Thursday, May 04, 2006

Stalled Conservatism: What Next?


David Frum writes an essay for one of the CATO Institute websites. Titled Republicans and the Flight of Opportunity, he essentially declares the conservative movement towards reestablishing limited government for the United States has failed. The moment of opportunity is passed as the forces of socialism have blunted true reform of our federal institutions. He is correct and revolutionary restructuring of the welfare state is not going to happen soon.

The silver lining may be the fact that big money special interests are still the financial engines of both parties and will serve as inertial dampers to the socialist activists on the left in the same way they blunted the momentum of the Reagan revolution. Scattered within blame game criticism and wishful daydreaming in the discussion at Right Wing News, are the seeds of the debate about what to do next. Since I have my own blog I don’t have to be comment number 216 about what happened and what next.

The explanation in a nutshell is that I don’t care how much money the government spends in exactly the same way I don’t care how much Wal-Mart spends or how many dollars, yen, euros, pesos or IOUs are dispersed from ExxonMobile accounts. I care about how much of my money is taken from me without my full affirmative consent.

I cringe whenever science fiction uses the simplistic and overused cliché “reverse the polarity” to fix a problem, but this is exactly what the conservative movement needs to do. Free people want services and they want the sewer systems to work as much as they want electricity to flow into big screen televisions from American TV or Best Buy or even Sears. The way to win voting majorities is to stop fighting the demand for government services and start fighting for the right of individuals to pay for government the same way they pay for everything else, by free choice.
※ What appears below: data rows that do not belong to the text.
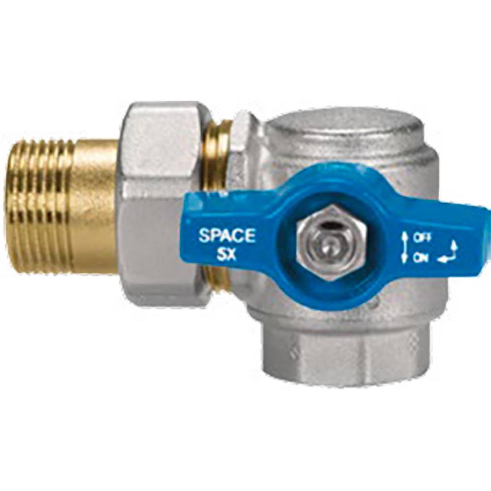 Valvola a Sfera passaggio totale. La valvola SPACE è indicata in impianti di riscaldamento per le batterie di collettori. Estremità filettate: - femmina a norme ISO 228/1. - codolo e girello (tenuta metallica + O-ring). Organi di manovra: farfalla in alluminio blu. Il senso del flusso è inoltre rilevabile dalla marcatura sullo stelo di manovra. Tutte le valvole rispettano la direttiva 97/23/CE e vengono testate al 100% con prova di tenuta pneumatica a controllo elettronico. LIMITI TEMPERATURA da -15°C a +90°C. LIMITI PRESSIONE da 40 a 10 bar
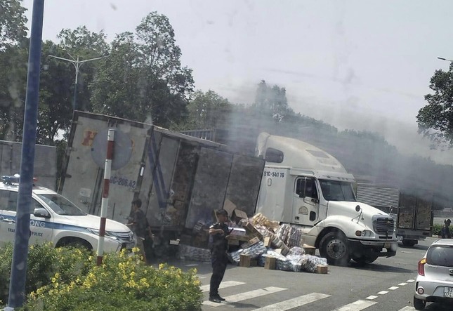 Theo thông tin ban đầu, khoảng 10h30 trưa 13/4, chiếc xe container mang biển số TPHCM di chuyển trên đường Mỹ Phước Tân Vạn.
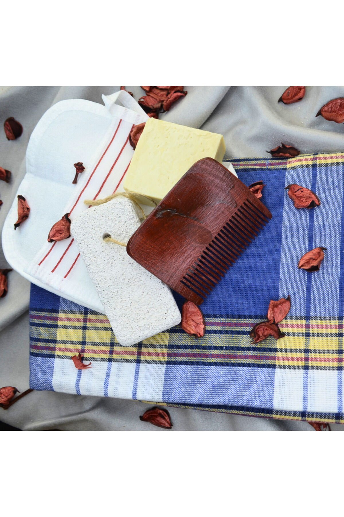 Hamam Seti: Geleneksel Rahatlama ve Şıklık Hamam deneyiminin keyfini evinize taşımanız için mükemmel bir fırsat sunuyoruz. Kadınlar ve erkekler için tasarlanmış bu özel hamam seti, geleneksel Türk hamamının tadını çıkarmak isteyen herkes için idealdir. İçeriğinde bulunan özenle seçilmiş ürünler, size sadece bir hamam değil, aynı zamanda lüks bir rahatlama deneyimi sunar. Set İçeriği: Tarak:Yüksek kaliteli ahşap malzemeden üretilmiş bu tarak, saç bakımınızı ve saç taramanızı kolaylaştırır. Kadınların uzun saçlarından erkeklerin kısa saçlarına kadar herkes için uygundur. Kese:Doğal pamuk ipliklerinden üretilmiş bu kese, cildinizi nazikçe temizler ve ölü deriyi arındırır. Geleneksel Türk hamamının olmazsa olmazlarından biri olan kese, cildinizi canlandırır. Peştemal: 70x180 cm boyutlarındaki bu hafif ve hızlı kuruyan peştemal, hem kadınlar hem de erkekler için mükemmel bir seçenektir. Duş sonrası veya hamam sonrası rahatlığı sunar. Sabun:Doğal ve el yapımı sabun, cildinizi temizlerken nemlendirir. Hamam deneyiminizin vazgeçilmez bir parçasıdır. Topuk Taşı:Özel olarak tasarlanmış doğal volkanik taştan üretilmiş olan topuk taşı, ayak tabanlarınıza ve topuklarınıza rahatlatıcı bir masaj yapar. Ayaklarınızın günün yorgunluğunu atmasına yardımcı olur. Bu özel hamam seti, hamamın geleneksel rahatlatıcı atmosferini evinize getiriyor ve size şıklık ve konfor sunuyor. Kendiniz veya sevdikleriniz için mükemmel bir hediye seçeneği olan bu set ile keyifli anlar yaşayabilirsiniz. Neden Biz? Yüksek Kalite: Ürünlerimiz yüksek kaliteli malzemelerden üretilir ve uzun ömürlüdür. ; Geleneksel Deneyim: Geleneksel Türk hamamı deneyimini evinize getirin. ; Hem Kadınlar Hem de Erkekler İçin: Setimiz hem kadınlar hem de erkekler için uygundur. ; El Yapımı Sabun: Doğal ve el yapımı sabun cildinizi nazikçe temizler. ; Hamam setimiz, sadece bir hamam deneyimi değil, aynı zamanda lüks bir rahatlama deneyimi sunar. Şimdi sipariş verin ve geleneksel hamam deneyiminin keyfini çıkarın!
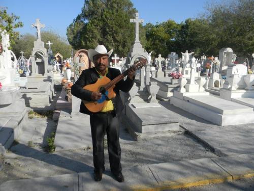 “Vengo desde hace mucho tiempo al panteón. La gente me contrata y me pide algunas canciones para recordar a sus difuntos”, explica el músico tras entonar una alegre melodía.
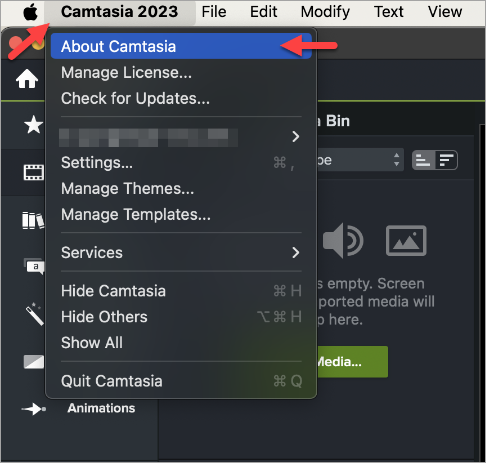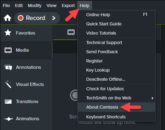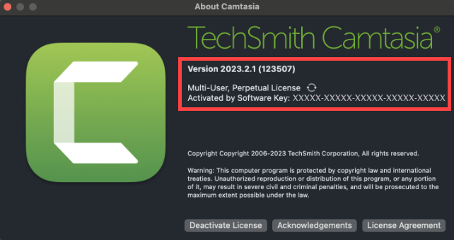 - Select Help > About Camtasia.
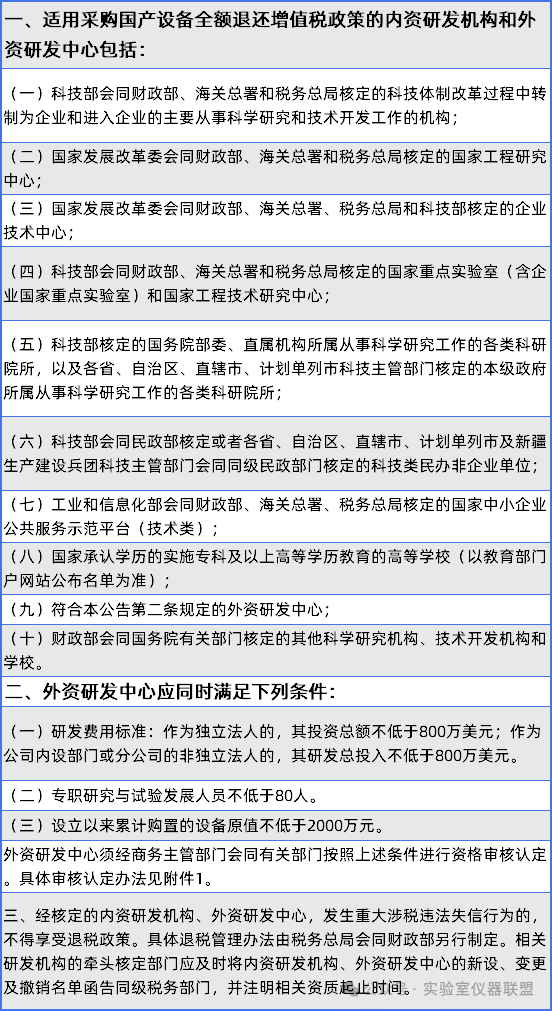 涉及全額退還增值稅的相關(guān)設備清單,也在財政部、商務部、稅務總局三部門去年8月印發(fā)的《關(guān)于研發(fā)機構(gòu)采購設備增值稅政策的公告》中做了詳細公布。
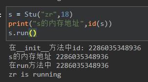 可以看出,在__init__函数,还是run函数,还是Stu实例化后的s,self在内存中的id都是相同的。
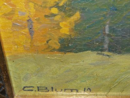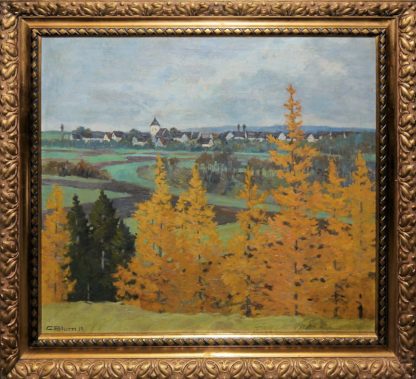 Carl Blum, Rosenfeld im Breisgau, Ölgemälde von 1919 im originalen Goldstuckrahmen Carl Blum, 1888 Freiburg - 1953 Balingen, deutscher Maler, hier: Blick durch herbstliche Bäume auf das Städtchen Rosenfeld, zu dem es den Künstler immer wieder hinzog, er dort gerne die Sommermonate verbrachte und in dem er zwischen 1930 und 1940 lebte und arbeitete. (Rosenfeld liegt zwischen Balingen und Oberndorf am Neckar, etwa 60 Kilometer südlich von Stuttgart im Zollernalbkreis in Baden-Württemberg), Öl/ Lw., 72 x 82 cm, l. u. sign. u. dat. 19, im originalen, gut erhaltenen Goldstuckrahmen Zum Künstler: Carl Blum studierte an der Großherzoglich-Badischen Akademie der Bildenden Künste Karlsruhe bei Hans Thoma, Wilhelm Trübner und Ludwig Dill. In seiner charakteristischen grafischen Handschrift, die sich schon in seiner Signatur äußert, gestaltete Blum menschenleere Landschaften. Seine Bilder zeichnen sich durch einen freiheitlichen Umgang mit der Naturvorgabe aus und gehen als freie Kompositionen über die realistische Wiedergabe hinaus.
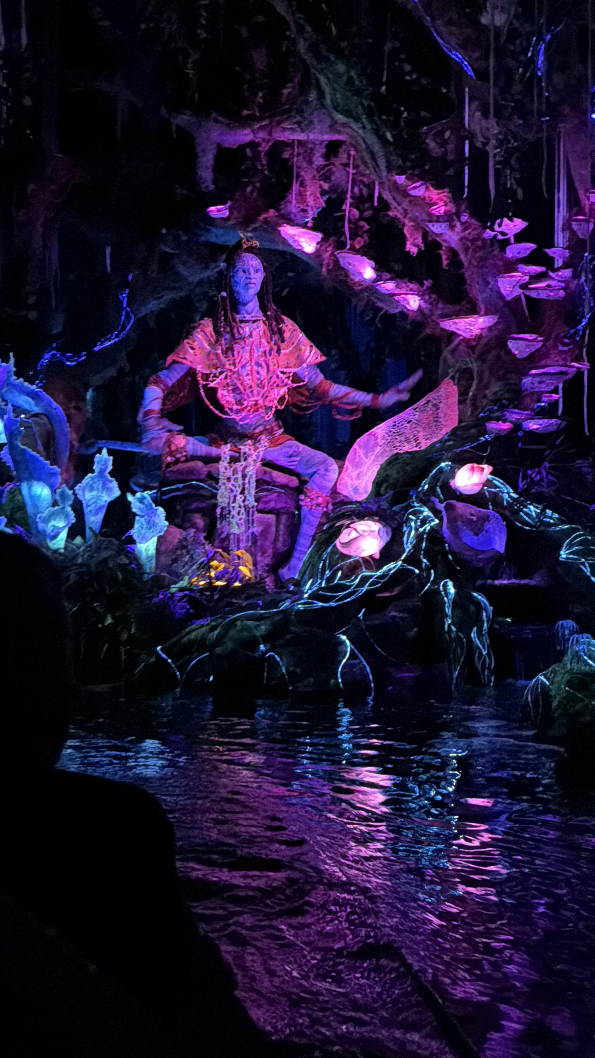 After that, we had pizza for lunch, and then we went to the Zootopia show, which is like a 10 minute movie, which was great because we all love Zootopia. We did pass by Judy Hopps and Nick Wilde, and would have loved to meet them, but the line was like over an hour long. Just was not worth it. Then we went to Pandora and rode the Avatar ride. Madeleine almost did it, but the ride mechanism is where you're sitting on, I don't know how to explain it, like a banshee and you're leaning forward and there's restraints in back of you and in front of you, and Madeleine got into the restraints, but then we were sitting waiting for the ride to start for several minutes, and I think that just got her creeped out, and then she didn't want to ride. So she got off the ride with Shir. Hallie and I rode it and did a rider switch, so Hallie got to ride it twice. Then we all rode the Navi River Journey ride, which is a slow moving river ride with the super expensive, crazy animatronic at the end which I always find so strange. It’s the weirdest ride. Nothing happens and then there’s this giant blue person and then it just ends.
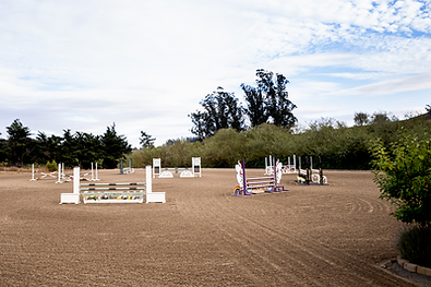 270′ x 165′ outdoor arena with show quality jumps and custom footing blend
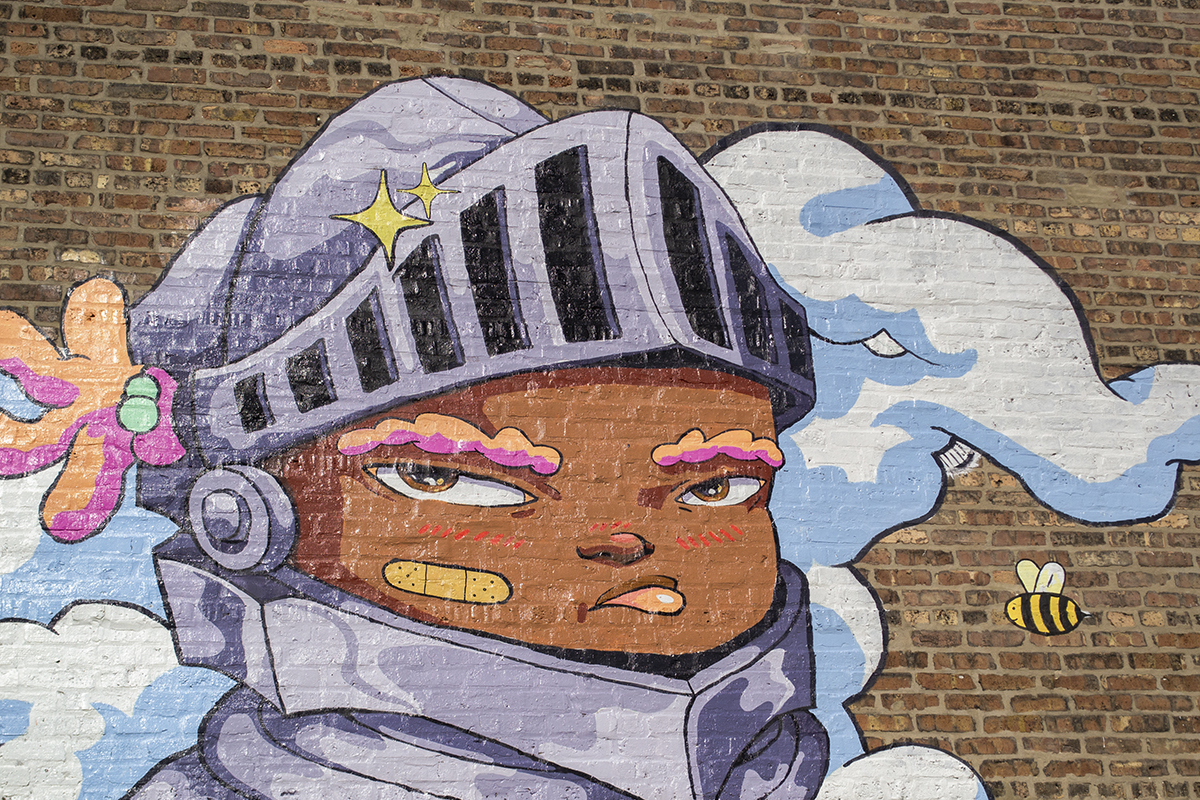 Bianca Pastel’s mural at 63rd and Aberdeen in Englewood features Binky, a central character in her work. Credit: Nicole Misfitx
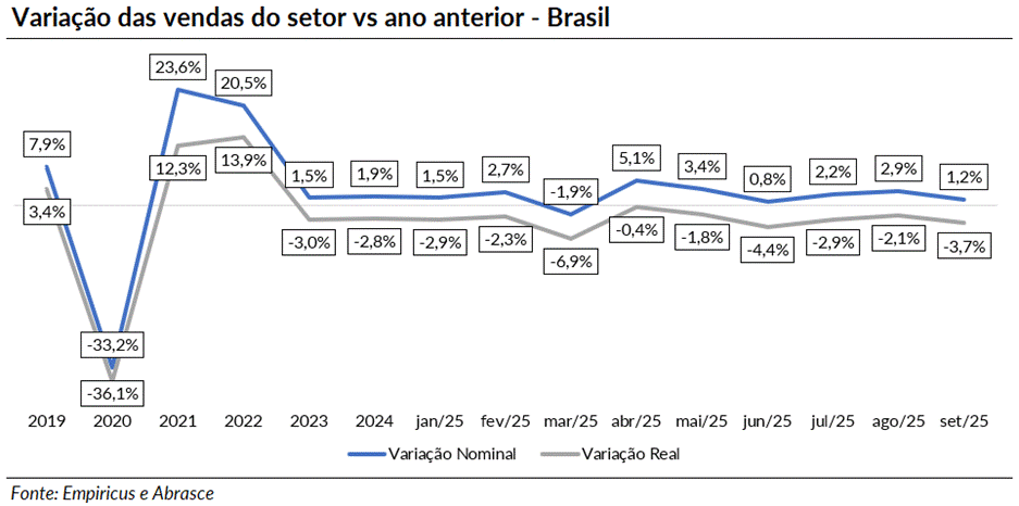 O gráfico acima ilustra bem essa dinâmica: enquanto as vendas nominais avançaram de forma moderada durante boa parte do ano, a variação real (que desconta a inflação) mostrou comportamento mais volátil, registrando quedas consecutivas em diversos meses.
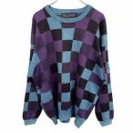 プリングル Pringle ニット セーター ブロックチェック 長袖 スコットランド製 古着 ウール×アクリル M パープル 紫×杢青×黒 メンズ
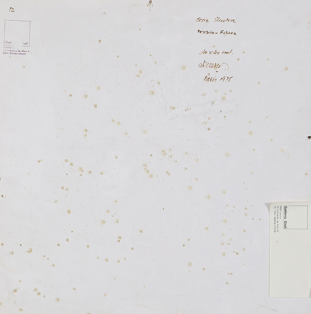 HUGO DEMARCO 1932 - 1995 Serie Structure, Tension - Espace, 1975 Tempera su cartone, cm. 37 x 37 Firmato e datato sul retro Etichetta e timbro Galleria Giuli, Lecco sul retro Prov. Collezione Privata
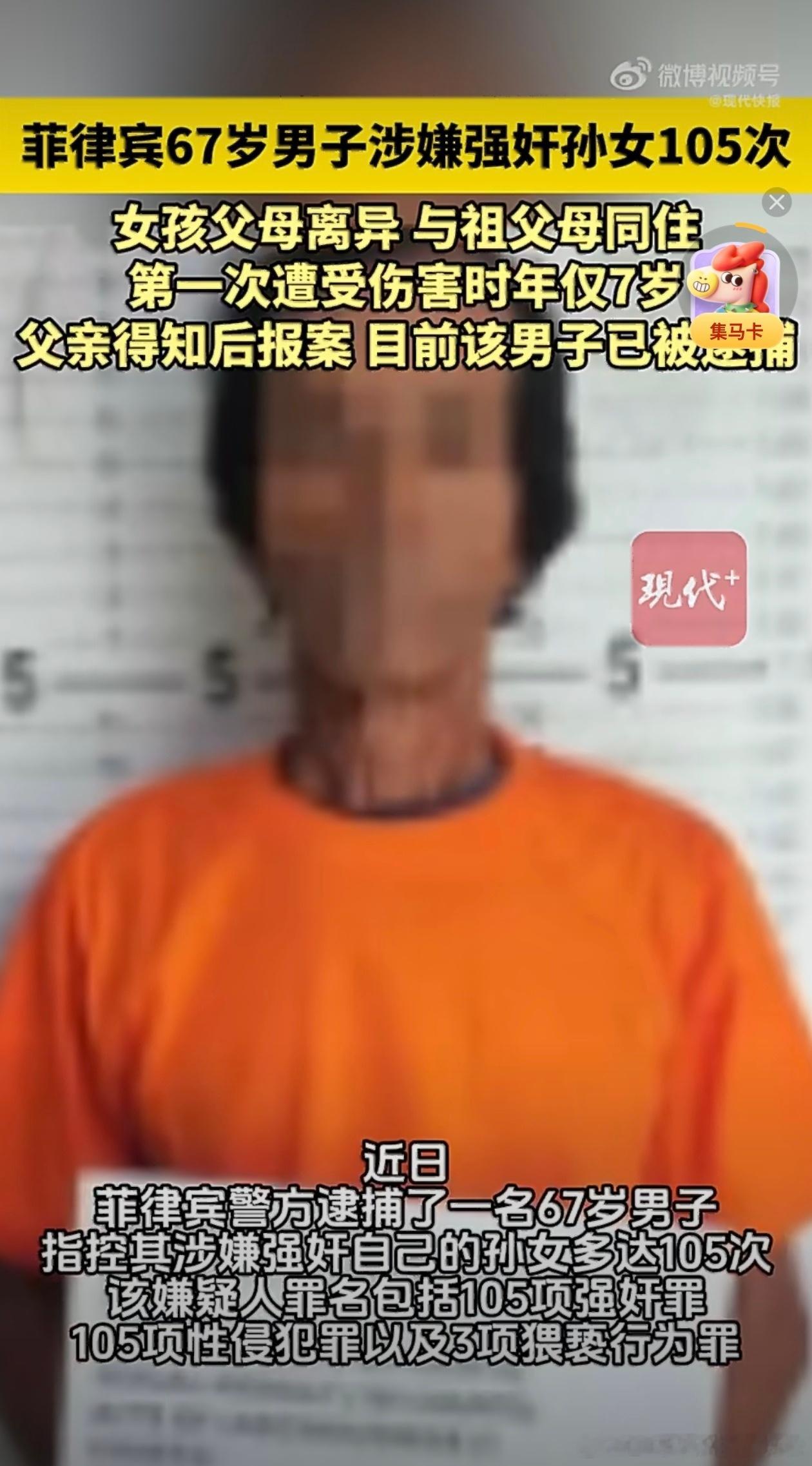 LH手机科技爱好者 一大早就让我刷到如此炸裂的新闻,内容我看了一遍又一遍确认没看错。自己的孙女都不放过,第一次受伤害后还只有7岁,这是人能干出来的事吗?太逆天了。菲律宾一男子强奸孙女多达105次

The concept of limited government needs to realign the focus away from the shape of government and towards the role of the individual in society. There is support to be found in the idea that a person has both individual human rights and political citizenship rights. There is fertile ground for policies that affirm there is both an obligation to self and an obligation to others, and society is best served if government allows individuals to retain resources to take care of themselves before demanding they take care of strangers.